Iterative development may result in incremental delivery, though some approaches
produce the increments only for internal release to the development team and not
for
external release to the client.

#### Rapid (RAD)


- more iterative prototyping, much less planning (like my hobby projects)
- allows software to be written much faster, and makes it easier to change
requirements
- used in data-driven dev approach
- key emphasis is on fulfilling the business need

#### Agile
- less bureaucratic, less focused on documentation and more focused on user
interaction and the early delivery of working software
- iterative development
- requirements and solutions evolve via collaboration between self-organizing
cross-functional teams
- continuous feedback
- Kanban, Scrum, DSDM

#### Waterfall
When projects have clear requirements.
1. Requriements
1. Design
1. Impl
1. Verfification
1. Maintenance
Iterative Waterfall allows you to get back to prev modules (any level) at each
step, but then you have to fall down again

#### Spiral
- risk reduction oriented model
- breaking a project into smaller segments
- each cycle a sequence of steps:
= determine objectives, alternatives, and constraints of the iteration;
= valuate alternatives, identify and resolve risks;
= develop and verify deliverables from the iteration;
= plan the next iteration;

#### Offshore
- outsourcing

#### BDD
- is Agile
- encourages teams to use conversation and concrete examples to formalize a shared
understanding of how the application should behave
- emerged from test-driven development (TDD)
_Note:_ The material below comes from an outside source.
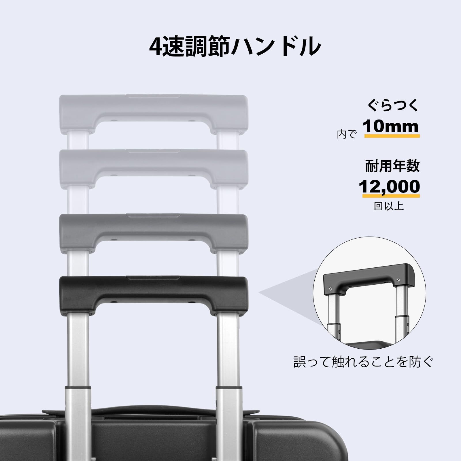 【高品質アクセサリ】スクラッチに強く ブランドのホイールを使用したホイール付きスーツケースで、とても静かで操作しやすく。スーツケース 機内持ち込みには滑らかで補強された防爆ファスナー逆コイルを採用し、ファスナーの破裂を防止している。これもTsaのスーツケースで、安全で便利で、伸縮ハンドルは4段に調整できる、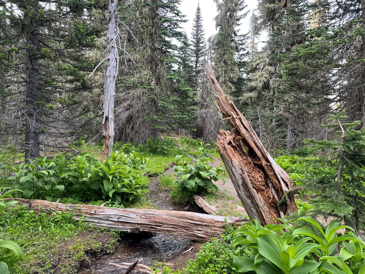 Day 3 - South Toutle River to Butte Camp was tough at the beginning but ended really beautiful. We knew ahead of time that no water was being reported between the river and June Lake so that was some of the motivation for spending an extra day, the other was more obstacles than we cared to tackle in a single day. From the river the trail climbs for quite a while until topping out in some really pretty pine forests. It undulates through forests that make quick work of hiking until you get to one really large washout that has you detour a substantial way downhill to another set of ropes. The rope going down on the north side was much more difficult than the south side because there's a narrow slot you have to crawl into and the rope isn't really long enough to get past all the talus at the bottom. We had a map of other areas that were reporting ropes but on our trip, we only had two sets of ropes over the entire loop. There were just as many washouts in this segment as the previous day but they were less strenuous. Connecting to the Butte Camp trail was glorious. The trail sign says 1 mile but its actually about 1.4 miles to camp. There's options to dry camp several places before you get into the more heavily treed area but we wanted to camp near our water so we went all the way in. What an oasis! There was a nice little stream that flowed next to the trail and lots of space to spread out here. The trade off was flies at night and mosquitos in the morning. We had one other party camp near us and no one else around. This stretch took us about 7 hours with lots of stops.

#### Unified process (UP or USDP)


is an iterative software development methodology framework, based on Unified
Modeling Language (UML). UP organizes the development of software into four
`phases`, each consisting of one or more executable iterations of the software at
that stage of development:
1. `Inception` is concerned with determining the scope and purpose of the project.
1. `Elaboration` focuses on requirements capture and determining the structure of
the system.
1. `Construction’s` main aim is to build the software system.
1. `Transition` deals with product installation and rollout.